Ratings for Dr. Gregory A. Formanek
Definitely not returning to this doctor! He actually told me that is was a good thing that I was having a partial nephrectomy to remove a small renal mass because the cancer was going to spread and I would have to have more removed. And that was before the pathology. He wanted to make the appointment so he start chemo as soon as my surgery was completed. He offered no hope or the slight possibility that it was benign.
Doctor Formanek is a brilliant doctor. He returns your calls within an hour. He was my doctor for almost 9 years. Compassionate and studies constantly to keep up to date with Chemo and Cancer research. Cancer is very frighting and I am thankful Dr. Formanek was there for me.
My husband is just starting the cancer battle. We saw Dr Formanek at what apparently is his new position at our local cancer center in Pennsylvania. This cancer center holds itself out as "multidisciplinary" with communication between drs. He clearly had not read my husband's chart, asked what we were there for, and when he did look, started discussing the wrong diagnosis. We had previously consulted a highly regarded cancer center out of the area, and their chemo rec was different from Dr Formanek's. We asked questions and wanted to wait until Monday to think it over. He was clearly insulted and was rude. He continued to press to start immediately, and when I pushed back and again said we wanted to take the weekend, he said "whatever." I was shocked at his unprofessional and rude attitude, and whether his recommendation is valid or not, he unfortunately destroyed any confidence we had in the facility. We are insisting to see a different dr before proceeding with anything.

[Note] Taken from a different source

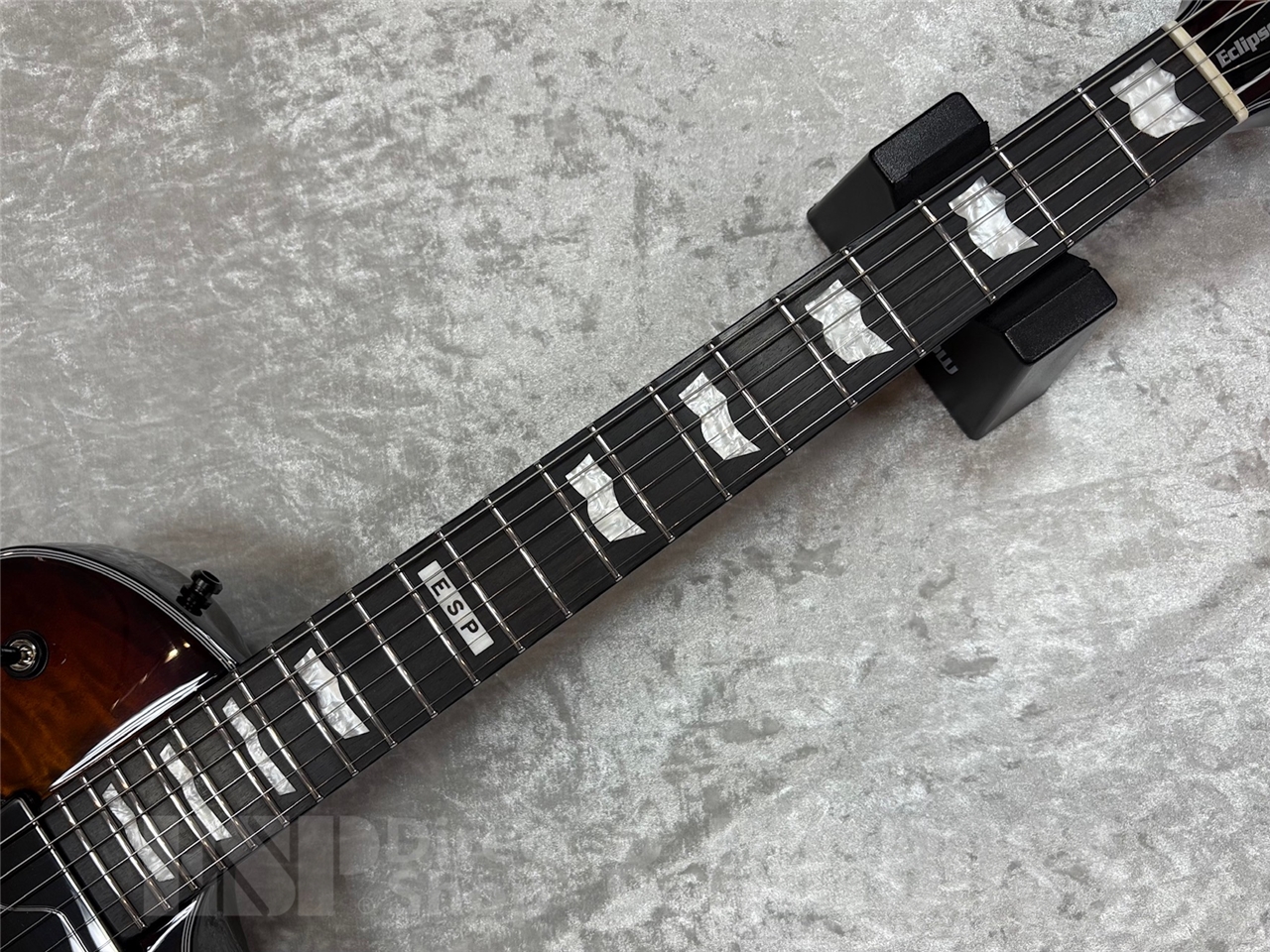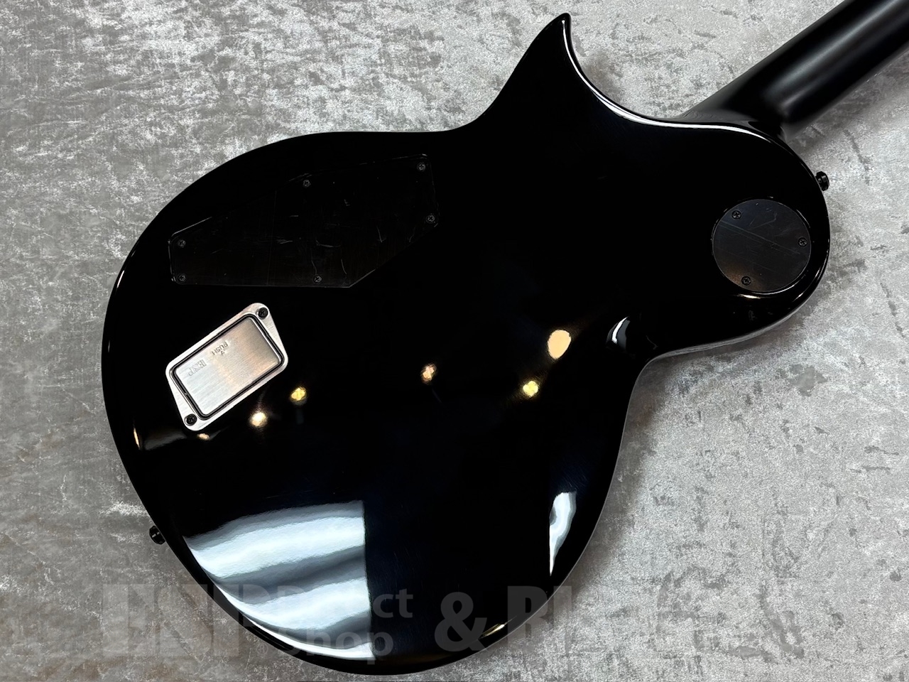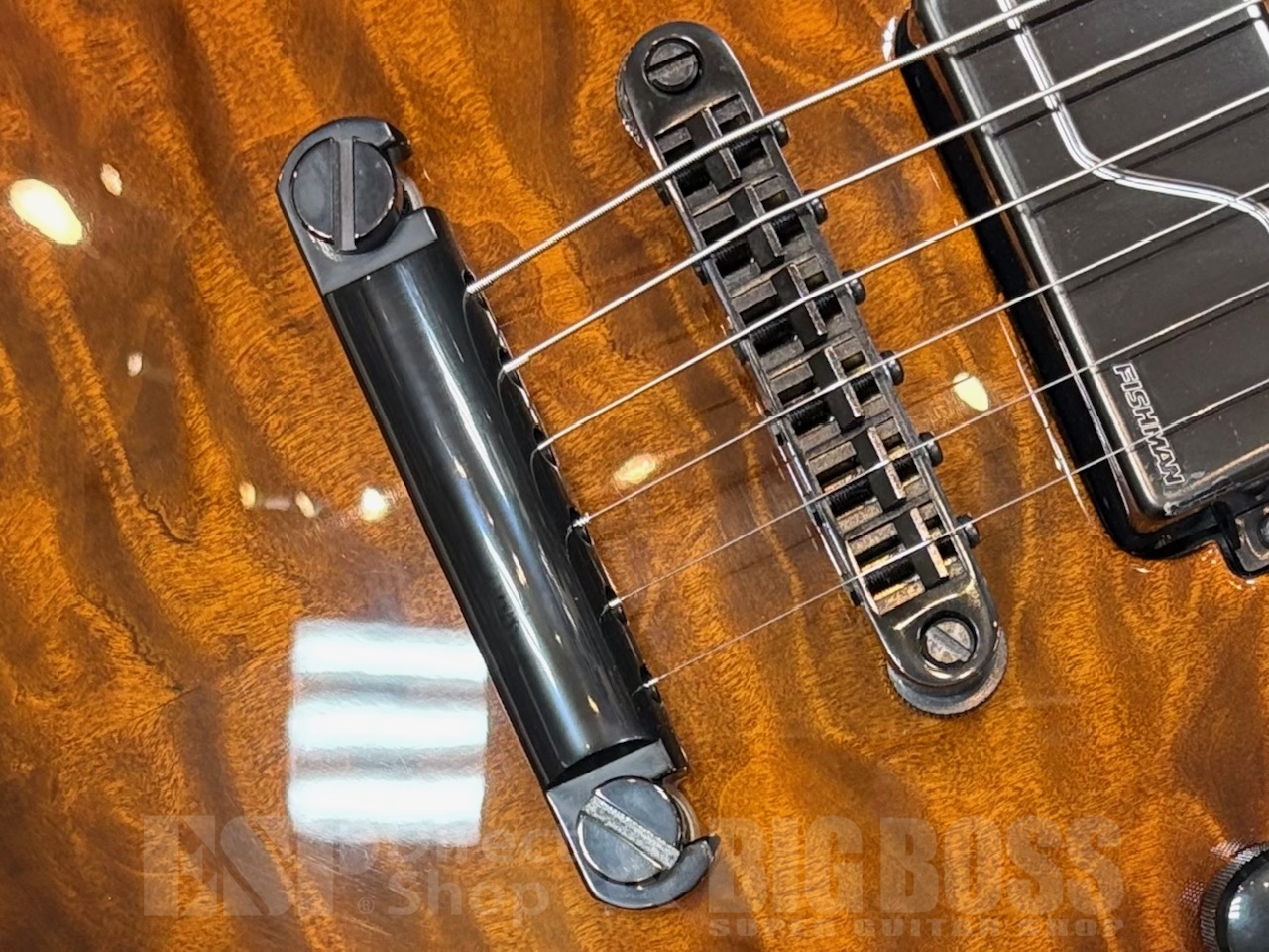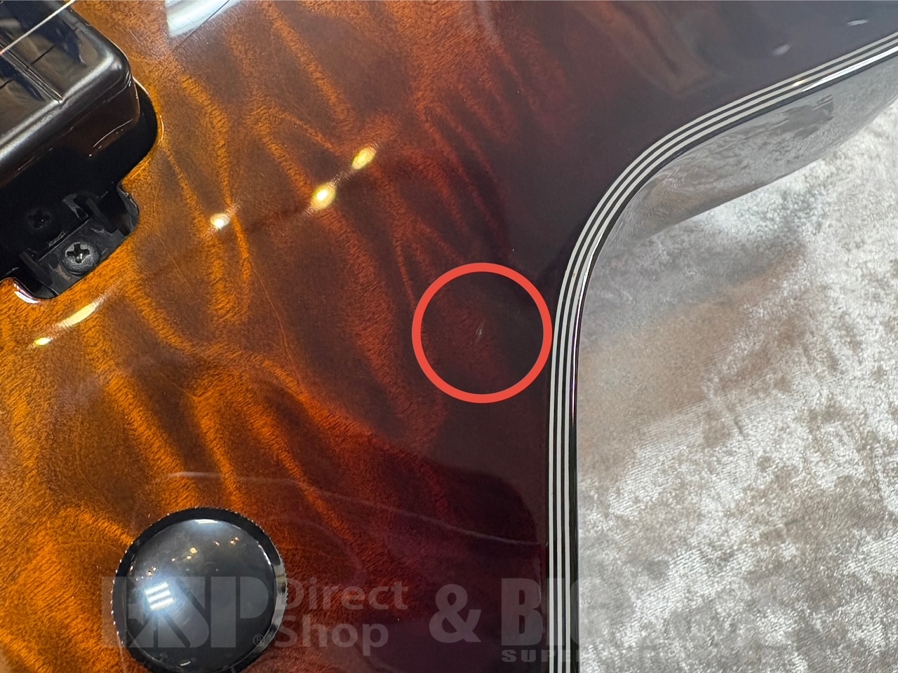 マホガニーに美麗なキルテッドメイプルがラミネートされたボディ、マホガニーネック、フラッグインレイの入ったエボニー指板になります。ボディへはセットネック方式でジョイントされていますが、ヒール部は滑らかに加工されていますので、ストレスを感じさせません。

I'm sorry for those who have lost loved ones under Dr. Formanek's care, but they need to realize cancer is a KILLER, not the treating doctor. My wife and I were BOTH patients of Dr. F's when he was in S.C., and I can tell you that you won't find a better - or more compassionate - oncologist anywhere. But he's a doctor, not God; not everyone will survive. However I feel confident in saying that - at least for my wife and me - your chances of survival are far greater with Dr. Formanek in your corner than someone else.
Dr. Formanek is a very compassionate person. He cared for my father (cancer), and he is now caring for my mother (hematologists). I would never consider another doctor for either. Although my father is no longer with us, he helped make his last days peaceful and pain free. My mother, who is afraid of doctors, will go to Dr. Formanek without an argument and will actually ask questions if she doesn't understand. I think he is very knowledgeable and will be upfront with you on everything. He pulls no punches.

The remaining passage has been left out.